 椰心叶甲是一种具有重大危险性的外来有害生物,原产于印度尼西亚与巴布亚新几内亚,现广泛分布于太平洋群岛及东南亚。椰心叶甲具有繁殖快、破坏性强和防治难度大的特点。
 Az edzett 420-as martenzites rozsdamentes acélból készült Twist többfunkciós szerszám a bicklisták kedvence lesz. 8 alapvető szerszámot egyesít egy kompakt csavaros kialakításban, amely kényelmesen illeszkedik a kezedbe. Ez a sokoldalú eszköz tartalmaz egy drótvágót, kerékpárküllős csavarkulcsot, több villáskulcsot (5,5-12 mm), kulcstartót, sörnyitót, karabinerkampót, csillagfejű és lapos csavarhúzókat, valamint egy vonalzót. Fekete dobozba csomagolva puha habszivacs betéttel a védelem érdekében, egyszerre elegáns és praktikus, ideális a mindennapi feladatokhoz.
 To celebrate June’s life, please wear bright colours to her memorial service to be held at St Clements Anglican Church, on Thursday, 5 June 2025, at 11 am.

※ ※ ※

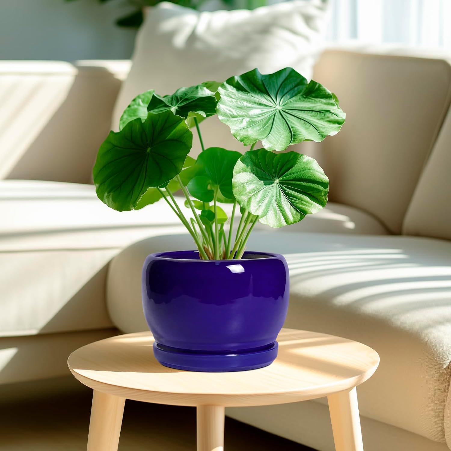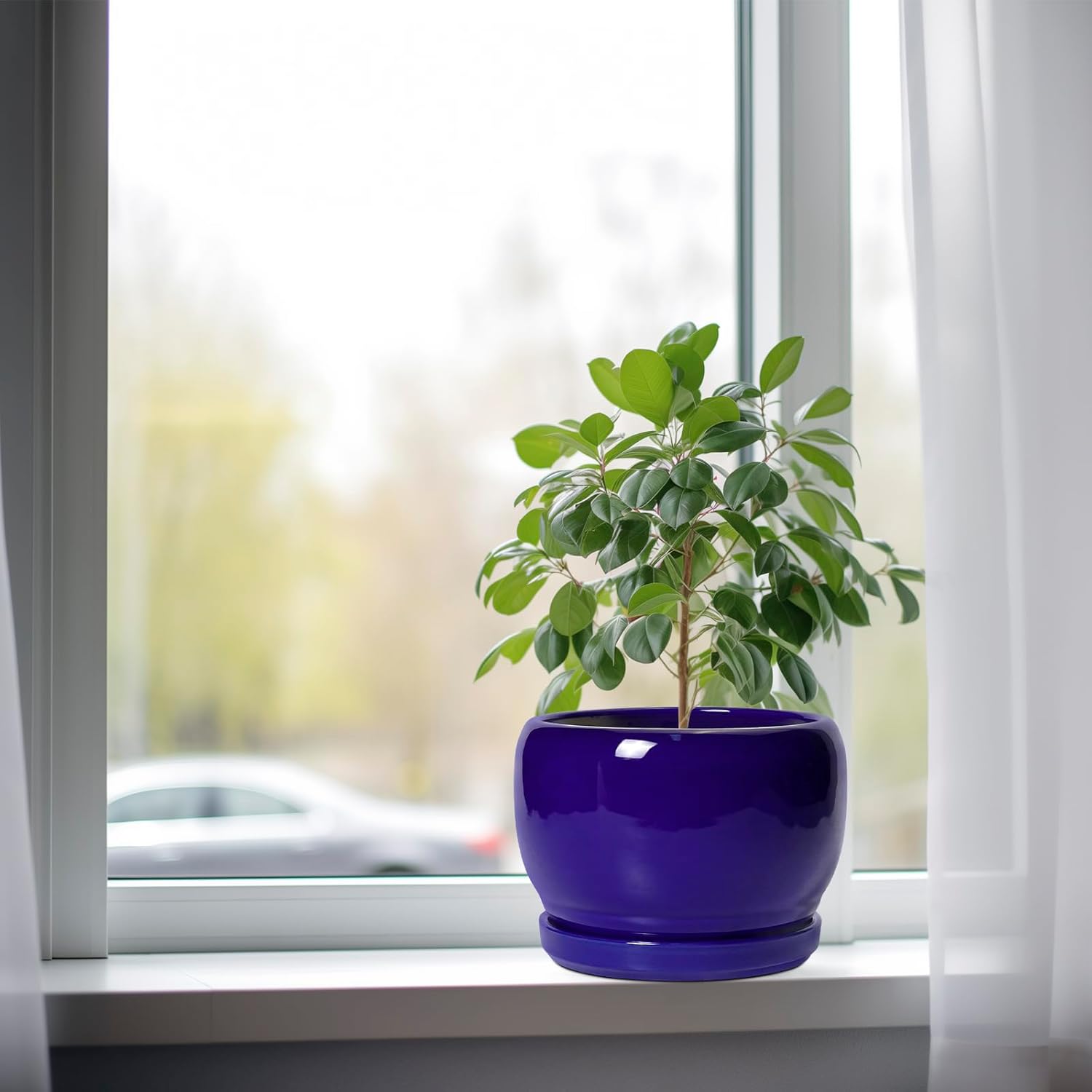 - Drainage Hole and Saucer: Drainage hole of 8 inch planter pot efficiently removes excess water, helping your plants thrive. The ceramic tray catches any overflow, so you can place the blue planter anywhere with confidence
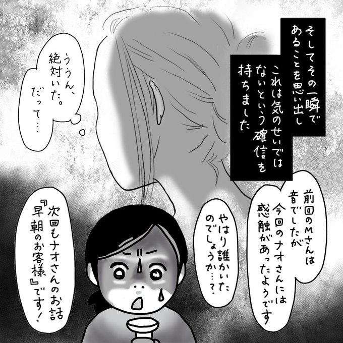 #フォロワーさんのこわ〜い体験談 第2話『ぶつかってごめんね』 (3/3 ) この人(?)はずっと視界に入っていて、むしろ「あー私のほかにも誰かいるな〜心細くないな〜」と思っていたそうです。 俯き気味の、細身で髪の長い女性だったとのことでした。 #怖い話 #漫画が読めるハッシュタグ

※ ※ ※

* PROBLEM DETAILS *
Beginning with the line above that contains "椰心叶甲是一种具有重大危险性", copy each line exactly up to and including the line that contains "Az edzett 420-as", and go no further.

* YOUR SOLUTION *
 椰心叶甲是一种具有重大危险性的外来有害生物,原产于印度尼西亚与巴布亚新几内亚,现广泛分布于太平洋群岛及东南亚。椰心叶甲具有繁殖快、破坏性强和防治难度大的特点。
 Az edzett 420-as martenzites rozsdamentes acélból készült Twist többfunkciós szerszám a bicklisták kedvence lesz. 8 alapvető szerszámot egyesít egy kompakt csavaros kialakításban, amely kényelmesen illeszkedik a kezedbe. Ez a sokoldalú eszköz tartalmaz egy drótvágót, kerékpárküllős csavarkulcsot, több villáskulcsot (5,5-12 mm), kulcstartót, sörnyitót, karabinerkampót, csillagfejű és lapos csavarhúzókat, valamint egy vonalzót. Fekete dobozba csomagolva puha habszivacs betéttel a védelem érdekében, egyszerre elegáns és praktikus, ideális a mindennapi feladatokhoz.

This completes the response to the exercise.